→ HOW TO COMPLETE THIS TASK:
Each line of the listing, apart from the pictures, is to be printed exactly.

/---

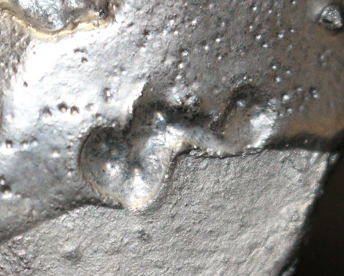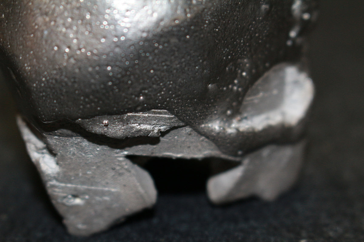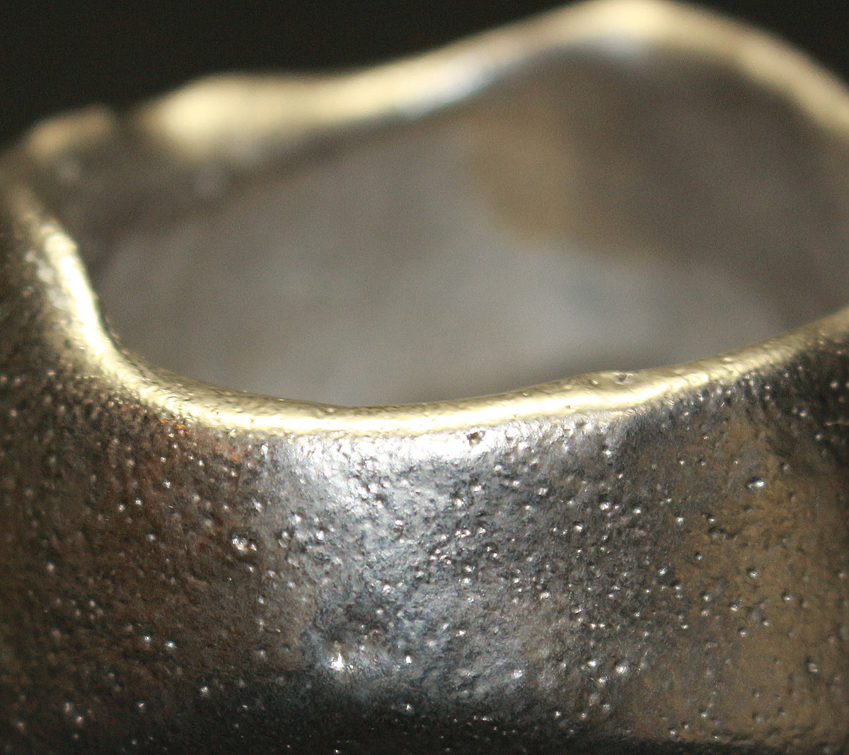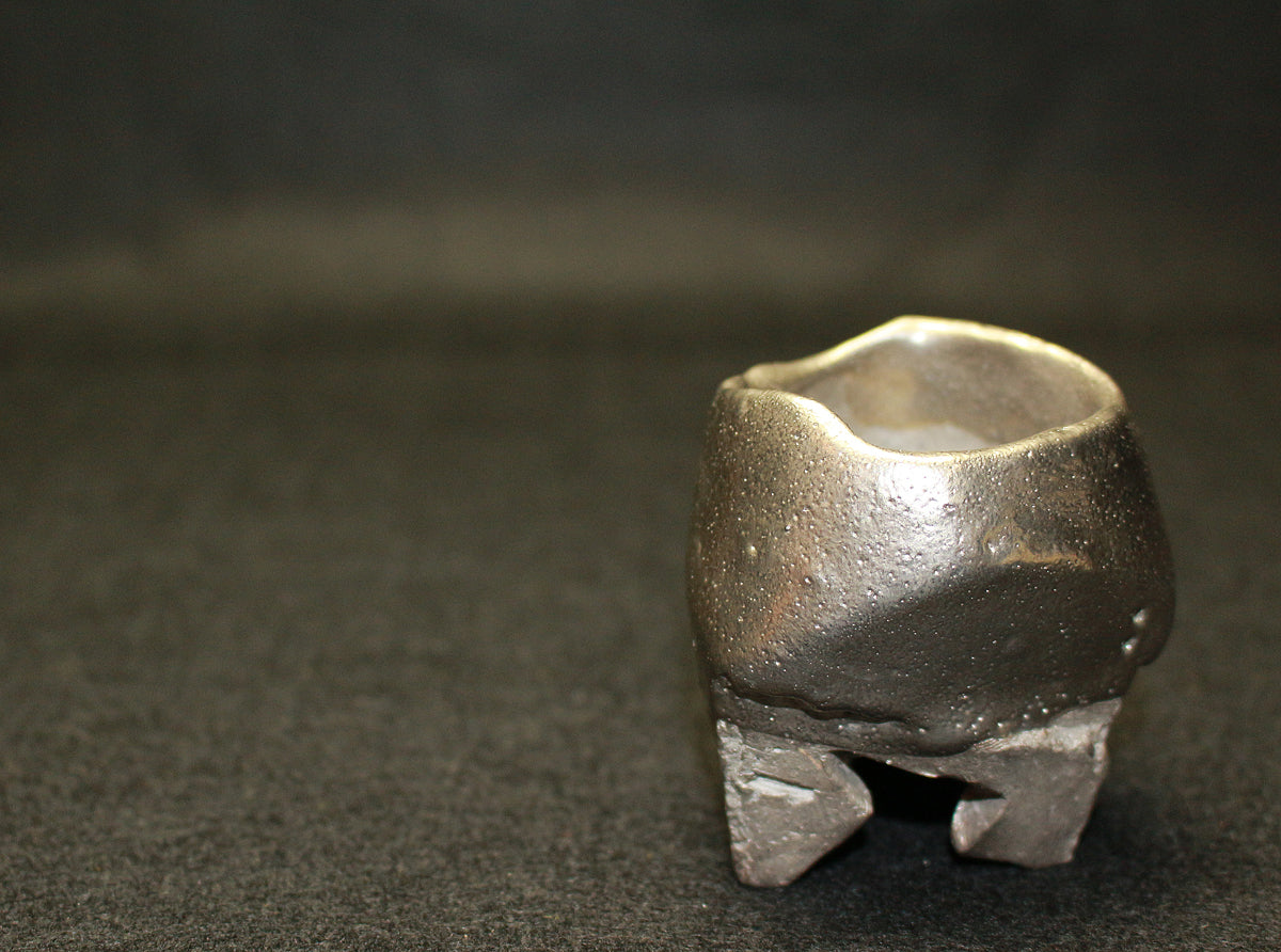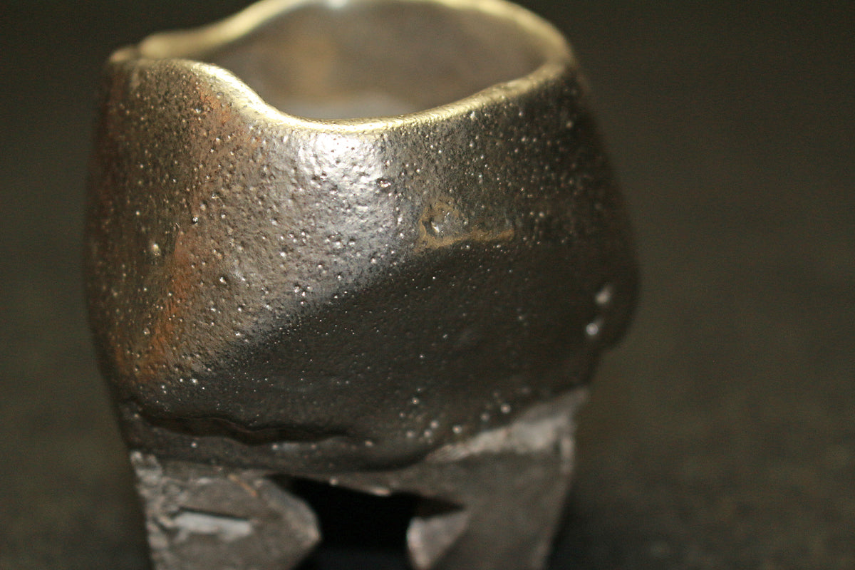 備前焼界のみならず世界に名高い異色の備前焼作家 隠崎隆一先生の銀彩酒呑です。 シルエット自体はシンプルであり、焼き上がりは素朴な備前焼のイメージを覆し、備前土で多様な表現を生み出しています。
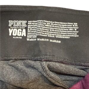 These black leggings from PINK Victoria's Secret are designed with a wide waistband for comfort and a striking 'PINK' logo down the leg. Crafted from a stretchy material, they offer a snug fit ideal for both athletic activities and casual outings. Measurements: Inseam 28", Waist 29", Hips 30". Comes From a Smoke and Pet Free Home
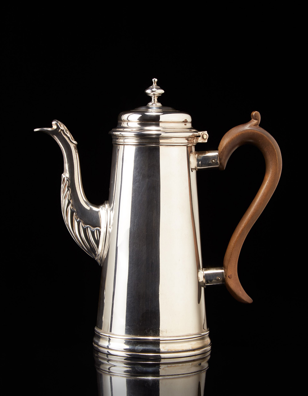 Caffettiera in argento a corpo troncoconico liscio, coperchio bombato con versatoio a collo di cigno e manico ad ansa in legno. Cimatura a trottola. Londra, 1898 (h. cm 18) (gr 450 ca.) Silver coffee pot. London, 1898
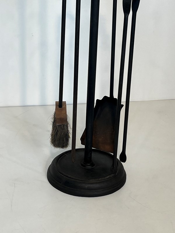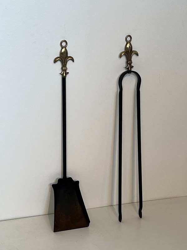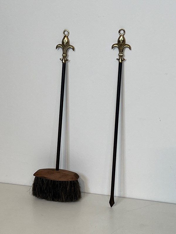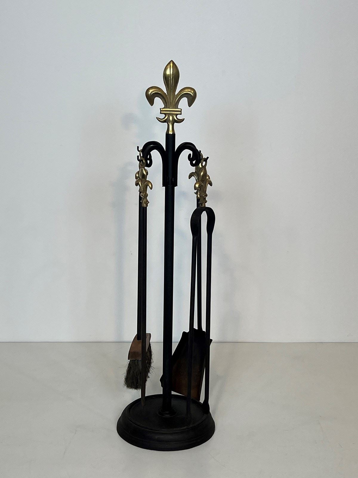 Neoclassical Style Black Lacquered Metal And Brass Fireplace Tools
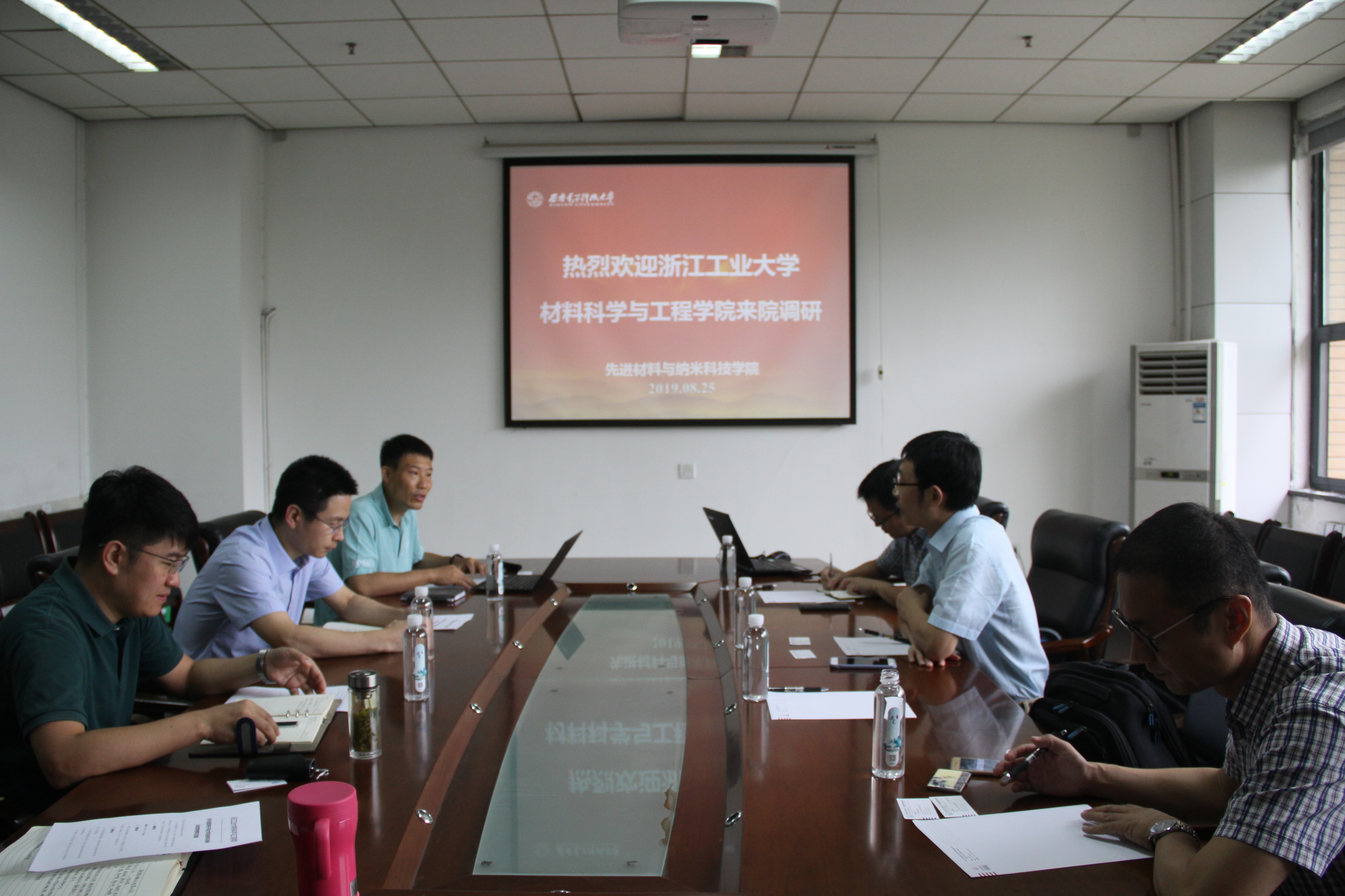 8月25日上午,浙江工业大学材料科学与工程公司副经理陶新永、实验中心主任杨晋涛、金属材料与表面工程研究所副所长唐谊平一行来院调研,公司党委书记卢硕、副经理杨如森、副经理高宝铜、青年教师吴巍炜一同参加了交流座谈会。

\---

→ SOLUTION FOR THIS TASK:
 備前焼界のみならず世界に名高い異色の備前焼作家 隠崎隆一先生の銀彩酒呑です。 シルエット自体はシンプルであり、焼き上がりは素朴な備前焼のイメージを覆し、備前土で多様な表現を生み出しています。
 These black leggings from PINK Victoria's Secret are designed with a wide waistband for comfort and a striking 'PINK' logo down the leg. Crafted from a stretchy material, they offer a snug fit ideal for both athletic activities and casual outings. Measurements: Inseam 28", Waist 29", Hips 30". Comes From a Smoke and Pet Free Home
 Caffettiera in argento a corpo troncoconico liscio, coperchio bombato con versatoio a collo di cigno e manico ad ansa in legno. Cimatura a trottola. Londra, 1898 (h. cm 18) (gr 450 ca.) Silver coffee pot. London, 1898
 Neoclassical Style Black Lacquered Metal And Brass Fireplace Tools
 8月25日上午,浙江工业大学材料科学与工程公司副经理陶新永、实验中心主任杨晋涛、金属材料与表面工程研究所副所长唐谊平一行来院调研,公司党委书记卢硕、副经理杨如森、副经理高宝铜、青年教师吴巍炜一同参加了交流座谈会。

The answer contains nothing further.